New Knowledge Gained
The main novelties of our manuscript are the following:
1. To our knowledge, this is the first study which assessed the feasibility of determining relative hepatic uptake of 99mTc-MIBI during rest phase MPI scan in screening patients for NAFLD, alongside evaluating the effect of different acquisition timings on the results.
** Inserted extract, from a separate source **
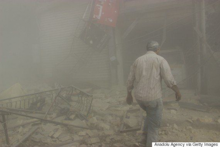 Un sirio camina entre restos de edificios destruidos por los ataques aéreos rusos en Alepo (Siria) el 18 de febrero de 2016.

2. To our knowledge, this is the first study which developed a model to predict NAFLD during MPI, based on patient’s demographic, laboratory and multiple time point scintigraphy data
3. In comparison with the single reported previous study addressing this matter, comparing relative hepatic uptake of 99mTc-MIBI in steatohepatitis versus simple hepatic steatosis, our study compromised a significantly larger population including a control group, enabling assessing the value of relative 99mTc-MIBI hepatic uptake as a screening tool in differentiating NAFLD (regardless of degree) from non-NAFLD patients. Also, our study was performed in MPI setting with all participants undergoing stress phase as well, including only patients with normal myocardial perfusion. Therefore, the interfering effect of possibly reduced myocardial uptake due to any simultaneous cardiomyopathy was accounted for and the results could be attributed to routine MPI studies.